You realize that you can just glue the track to the cork roadbed, right? You don't necessarily need the track nails or ballast (yet). I use Alene's Tacky Glue (cheap, available at Walmart, dries clear and stays flexible.) When you glue it, just insert thumbtacks every 4 inches or so to hold the track firmly down to the roadbed while it's drying. I simply put glue on every 3rd tie (flip track over and apply glue directly to track.) It ends up squeezing up around the ties a little bit which, when dry, holds everything in place real nice. 

With the stage you're in I would hold off on ballast, etc. until you have your engines running reliably on the track. Once you ballast it's a bear to change anything..If you glue the track down and it doesn't work, you can simply peel it up off the roadbed, give the roadbed a quick scrub with some 40 grit sandpaper and re-glue it down in whatever position you want.


----------



## lilpuu (Sep 25, 2011)

Good tip SST! I think I will hold off until I get my new Locomotive...

It is the waiting game again


----------



## sstlaure (Oct 12, 2010)

If you're using flextrack, every 12 ties or so there is a small hole in the center of the tie. pushpins fit into those holes almost perfect and they will keep your track aligned left/right as well. I always put a few pins in between those (like I said - every 3-4 inches) to make sure there is a good bond between the track/roadbed.

In general - the larger the radius you can go with the better. Not only with engines run better on larger curves, they'll have less hangover on the inside of the curve and will look better.


----------



## lilpuu (Sep 25, 2011)

Every time I try to finalize my track I get a problem. I managed to lay my tracks on good angles but now my trains and cars derail. The remote switch on one when a diesel runs over the switch it hits a bump right where the plastic is. I filed some of the plastic down and it works one in a while. Ten I noticed when the trains rolls between the switching rail the wheels hit the inside track and throws the car of the track. I thought these switches were made to work and no work needed to make it work right. Wrong! Some times the plastic is to high and my diesel undercarriage rolls over it derailing it. 

Whenever I feel that the track is ready to be sealed another crap with the track issue comes up. This is suppose to be simple. I have no kinks, so it has to be that the cars are to light.


----------



## NIMT (Jan 6, 2011)

lilpuu,
Seal the track?
Bump where plastic is?
Little lost here!


----------



## lilpuu (Sep 25, 2011)

lilpuu,
Seal the track? With Ballast
Bump where plastic is? Remote turnouts, Train hits the center plastic rail where the rails are to high. I had to file the plastic down in order for the diesel keep in contact with the metal rails.

Little lost here! Your' lost!  Not that easy to just connect them and off you go.


----------



## sstlaure (Oct 12, 2010)

I hate to say it lilpuu....I'm confused too. Can you take a picture of what you're referring to? There isn't a center rail in HO (are you talking about the guide rails as it goes through a turnout?) If your wheels are hitting that, they have to be out of gauge (too narrow) The wheel flange should ride just inside the rails, but not so far that the flange can hit guiderails.

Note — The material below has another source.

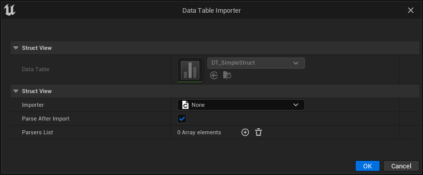 Whenever you need to reimport the data table, you must use the Import Dialog window. Settings are saved for each Data Table whenever you modify it, and the dialog is opened with the data already filled. You can also edit this data from the plugin settings inside the Project Settings window.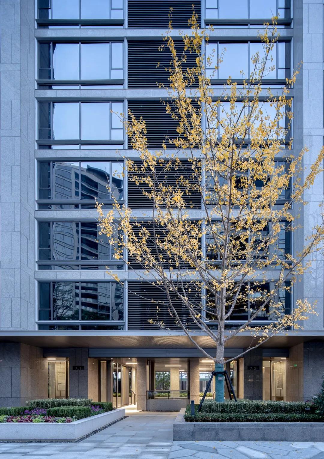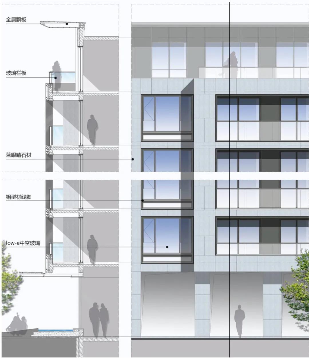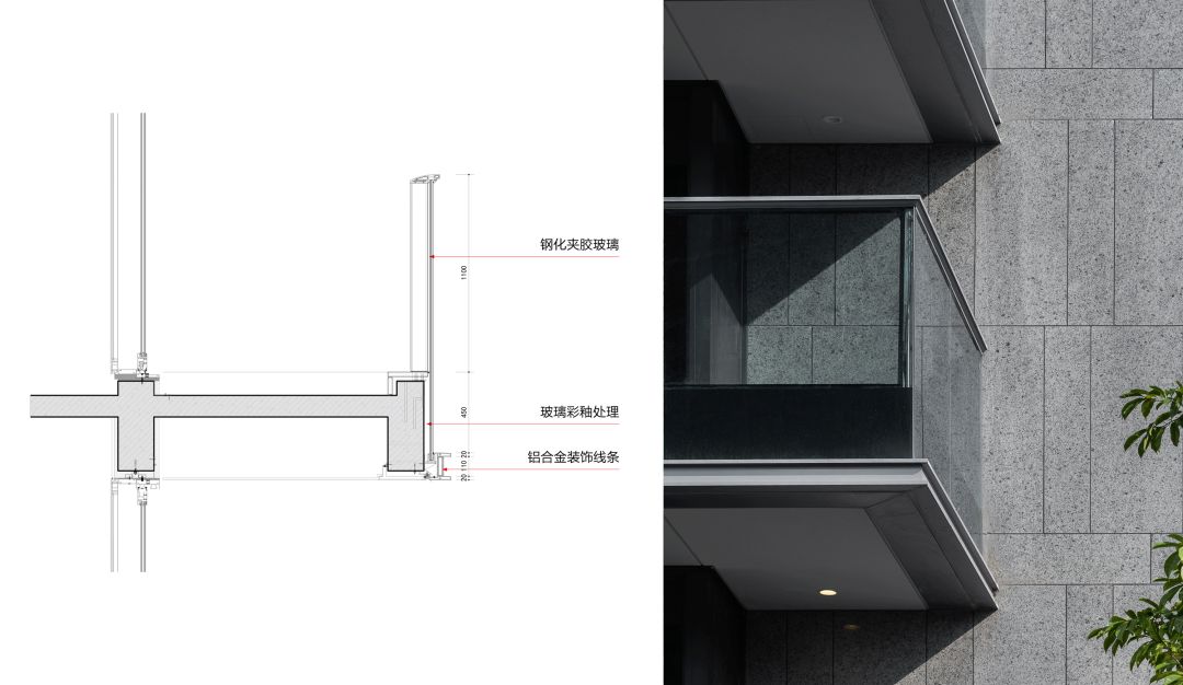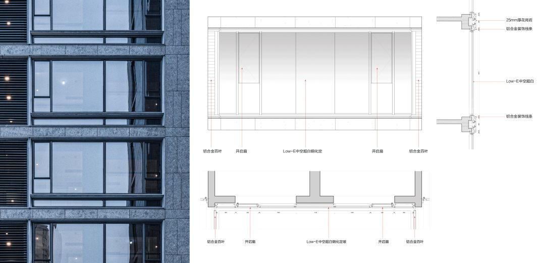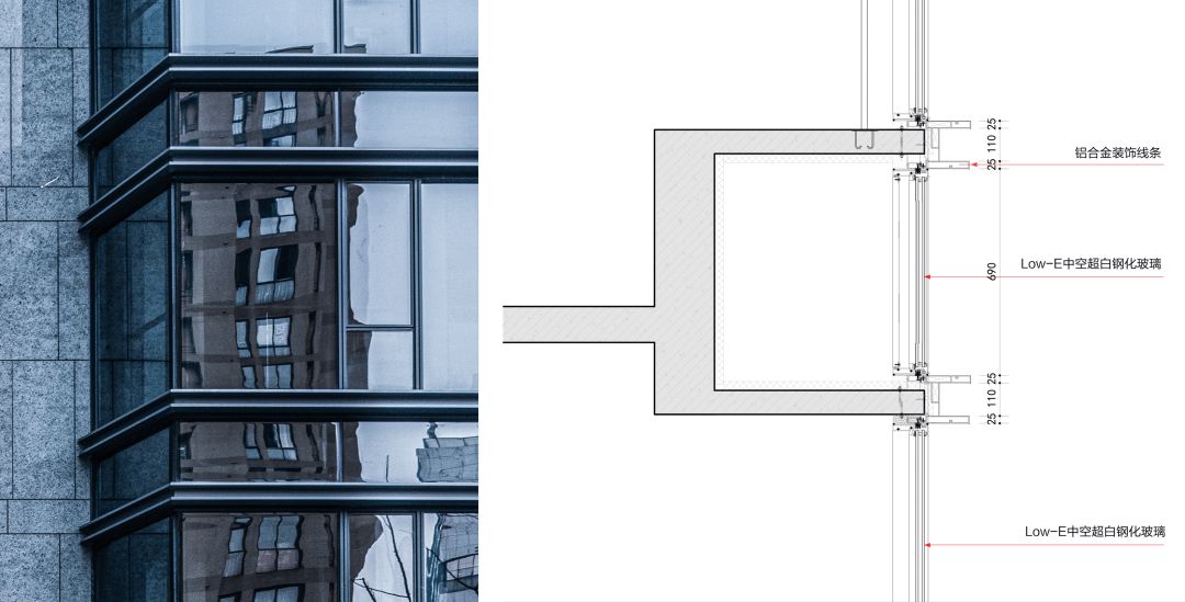 暖灰色的石材,以兩個不同的模數,進行錯縫劃分,豎向拼接,強化垂直感。金屬型材顏色,也做了兩種色彩區分。立面實虛交界處型材框都選用亮銀色噴涂,玻璃劃分立挺保持與玻璃一致,選用深灰色噴涂,這樣形成兩個立面層次,強化了洞口邊界的精致度。

If you're still having trouble with derailments, hold off on ballasting. Get it working 100% before you add the ballast. It's only an appearance item and you'll regret ballasting too soon if you have to tear up some track to fix an operational issue.

I really suspect that your wheels are out of gauge. (REAL easy to check/fix with an NMRA gauge)


----------



## Massey (Apr 16, 2011)

It sounds to me like he is talking about the frog or the guide rail. If either one of them are popped up where the engine is hitting then something is wrong with the switch, or the snow plow is way too low. I may be wrong but I am just guessing here. Snap a pic of the problem spot so we can see where you are talking about.

Massey


----------